How to cite this URL:
Mithari HS, Gole PV, Kharkar VD, Mahajan SA. Generalized bullous fixed drug eruption to fluconazole; with cross-reactivity to tinidazole. Indian J Dermatol [serial online] 2019 [cited 2019 Sep 16];64:335-7. Available from: http://www.e-ijd.org/text.asp?2019/64/4/335/262174




Sir,

Fixed drug eruption (FDE) to fluconazole [1],[2] and tinidazole [1] has been reported previously, however, its cross-reactivity with other azoles of different groups is rare. We report a case of generalized bullous FDE to fluconazole in a patient having a cross-sensitivity to a nitroimidazole (tinidazole) without cross-reactivity to a structurally similar triazole (itraconazole).


   Case Top


A 55-year-old male presented with complaints of multiple, reddish, fluid-filled lesions all over the body, as well as oral and genital erosions since 3 days.
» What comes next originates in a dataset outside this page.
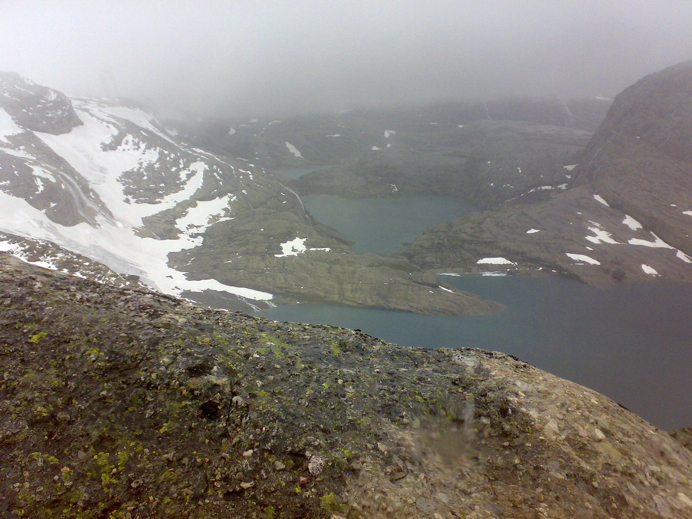 I fleire år hadde vi igrunnen tenkt på å ta ein tur til Gjegnabu og Gjegnen, etter ein tur der vi måtte snu mot samme mål. Fredag ettermiddag satte vi oss i bilen frå Bergen. Vêrmeldingen var ikkje så god, då det var varsla kuling og mykje nedbør. Det var temmeleg mørkt då vi kom fram til Hope i Hyen (Gloppen Kommune). I halv åtte-tida tok vi på oss hovudlyktene og rusla oppover den lange stigninga opp mot Lavesteinen. Vi hadde valgt denne ruta sidan den er ein del enklare samanlikna med Skorsteinsbotn, særleg i mørket. Oppover var det mykje bjørkeskog og vi såg i ettertid at vi nok skulle ha lett litt meir etter eit tråkk som går opp gjennom skogen. Ved Lavesteinen på drøyt 700 meters høgde var det tid for ein liten pause. Været vart etter kvart ganske surt med regn og til dels kraftig vind, over 1000 meter var det i tillegg snø. Det gjorde turen noko glatt til tider, då det er mange svaberg. I lyset frå lyktene våre såg vi ikkje så veldig mykje, då det også etter kvart kom tåke. Med GPS var det likevel ikkje så alt for vanskeleg å ta seg innover, men vi hadde ingen rute å følge og det tok difor ganske lang tid. Vi tok på skrå oppover det store snøfeltet (markert på kartet), men her var det litt hardt i tillegg til at det såg bratt ut, så isøksene måtte fram. Det hadde nok vore betre å gå på oversida heile vegen. Klokka passerte midtnatt før vi gjennomvåte og litt slitne skimta den etterlengta Gjegnabu. Etter ein tur på taket for å ta lokket av pipa, vart det fort varmt inne i den vesle hytta. Gjegnabu er ei skikkeleg koseleg hytte som igrunnen bare består av eit stort rom i tillegg til inngangspartiet. Hytta ligg også glemt saman på ein smal kam med bratte sider på begge sider. Det vart ein sein kveld med historier og god mat før vi la oss. I løpet av natta blåste det godt og det kom 10-15 cm tung nysnø. Målet vårt for lørdagen var å ta oss opp på Gjegnen (Blånipa), 1670 moh. På morgonkvisten tok vinden gode tak i hytta og det såg ikkje ut til å lette med det første, så vi tok heller ein roleg formiddag. I tolvtida kom det veldig overraskande ein person gåande mot hytta. Kven kunne no dette vera som var ute i slikt vèr!? Det viste seg å vera hytteoppsyn Martin M. som skulle opp å klargjera hytta for vinteren. Han kunne beretta om ein særdeles glatt og våt tur opp frå Skorsteinsbotn, det vil sei "gamleruta". Etter fleire artige historiar om hytta og området, tok han avgårde igjen. Vi tok også ut og skulle gjera eit lite forsøk på Gjegnen. Det vanskelegaste punktet er igrunnen ikkje så lagt frå hytta. Her var det nokre bratte sva med som også var delvis snødekte, men med isøkser fekk vi lirka oss over. Inn mot Gjegnalundsbreen var det enkelt å finne vegen, men det var vått og sleipt. Innimellom fekk vi littegrann sikt, men stort sett var det tett tåke. Til høgare vi kom auka også vinden på, så vi fann fort ut at det ikkje var aktuelt å gå på toppen. Vi snudde eit lite stykke før breen og prøve oss på ei alternativ rute tilbake. Den viste seg å vera noko bratt og glatt, så vi måtte fram med tauet for ein liten rapell. Utpå lørdagskvelden var det verkeleg store nedbørsmengder og eg vart klissvått bare av ein kjapp liten tur utanfor. På hytta var stemningen upåklageleg og det vart ein verkeleg avslappane kveld. Gjegnabu må utan tvil vera Norges koselegaste turisthytte. Naturen i området er også formidabel. I ein liten periode såg vi den storslåtte utsikten ned mot X- og Y-vatnet frå hyttevinduet og eg kan bare tenka meg korleis det ser ut under blå himmel. Søndag stabla vi inn masse ved til besøkande i vinter og returnerte samme veg vi kom opp. Mykje av snøen hadde smelta, så det var enklare å ta seg nedover. Alt i alt ein veldig fin tur sjølv i det noko "barske" vêret.

There was history of treatment for tinea corporis with itraconazole 100 mg BD, antihistamines along with topical 2% miconazole cream. After 4 weeks, he was started on tablet fluconazole 150 mg weekly dose. Patient complained of intense burning sensation and eruption of the lesions within 2 hours of consuming tablet fluconazole. Patient had similar skin eruptions 1 year back following intake of tinidazole for complaints of diarrhea when the episode was less severe and without mucosal involvement.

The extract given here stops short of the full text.